5. The numerical value of magnification m is always ……… for a concave lens.
(a) equal to 1
(b) less than 1
(c) more than 1
(d) variable
Answer: (b) less than 1
6. If a lens deviates a ray towards its centre, its power is ……… and if it deviates the ray away from its centre, its power is ………
(a) positive, positive
(b) negative, negative
(c) negative, positive
(d) positive, negative
Answer: (d) positive, negative
7. On reducing the focal length of a lens, its power :
(a) decreases
(b) increases
(c) does not change
(d) first increases then decreases.
Answer: (b) increases
8. The lens of power + 1.0 D is :
(a) convex of focal length 1.0 cm
(b) convex of focal length 1.0 m
(c) concave of focal length 1.0 cm
(d) concave of focal length 1.0 m.
Answer: (b) convex of focal length 1.0 m
9. Linear magnification m is given by :
(a) m = vu
(b) m = 1/v – 1/u
(c) m = v/u
(d) m = u/v
Answer: (c) m = v/u
10. If a lens is placed in water instead of air, its power :
(a) increases
(b) decreases
(c) remains the same
(d) can both increase or decrease
Answer: (b) decreases
Very Short Answer Type Questions
1. The focal length of a lens is (i) positive, (ii) negative. In each case, state the kind of lens.
Answer: (i) If the focal length of a lens is positive, the lens is convex.
(ii) If the focal length of a lens is negative, the lens is concave.
2. What information about the nature of image (i) real or virtual, (ii) erect or inverted, do you get from the sign of magnification + or – ?
Answer: (i) If the sign of magnification is positive (+), the image is virtual. If the sign of magnification is negative (–), the image is real.
(ii) If the sign of magnification is positive (+), the image is erect. If the sign of magnification is negative (–), the image is inverted.
3. How is the power of a lens related to its focal length ?
Answer: The power of a lens is expressed (or measured) in terms of the reciprocal of its focal length.
4. How does the power of a lens change if its focal length is doubled ?
Answer: If the focal length of a lens is doubled, its power gets halved.
5. How is the sign (+ or -) of power of a lens related to its divergent or convergent action ?
Answer: If a lens deviates a ray towards its centre (convergent action), its power is positive (+).
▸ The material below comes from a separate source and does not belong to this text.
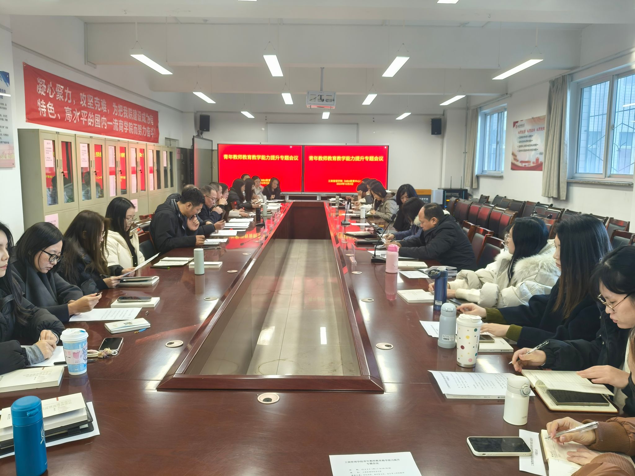 在会议室举办“青年教师教育教学能力提升专题会议”。学院全体领导、教研室主任以及近五年入职的青年教师近30人参加会议。会议由学院院长卫虎林教授主持。

If it deviates the ray away from its centre (divergent action), its power is negative (–).
6. The power of a lens is negative. State whether it is convex or concave ?
Answer: If the power of a lens is negative, it is a concave lens.
7. Which lens has more power: a thick lens or a thin lens ?
Answer: A thick lens has more power.
Short Answer Type Questions
1. State the sign convention to measure distances for a lens.
Answer: The cartesian sign convention to measure the distances in a lens is as follows:
(1) The optical centre of the lens is chosen as the origin of the coordinate system.
(2) The object is considered to be placed on the principal axis to the left of the lens.
(3) All distances are measured along the principal axis from the optical centre of the lens. The distance of an object from the lens is denoted by u, the distance of image by v and the distance of second focus (i.e., focal length of lens) by f.
(4) Distances measured in the direction of the incident ray are taken positive, while distances opposite to the direction of the incident ray are taken negative.
(5) The length above the principal axis is taken positive, while the length below the principal axis is taken negative.
2. Write the lens formula explaining the meaning of the symbols used.
Answer: The lens formula is 1/v – 1/u = 1/f.
The equation relating the distance of object (u), distance of image (v) and focal length (f) of a lens is called the lens formula. It is the same for both the convex and the concave lens.
3. What do you understand by the term magnification ? Write an expression for it for a lens, explaining the meaning of the symbols used.
Answer: The ratio of the length of image I perpendicular to the principal axis, to the length of object O, is called linear magnification. It is generally denoted by the letter m.
An expression for it for a lens is m = length of image (I) / length of object (O) = v/u, where v is the distance of the image and u is the distance of the object.
4. Define the term power of a lens. In what unit is it expressed ?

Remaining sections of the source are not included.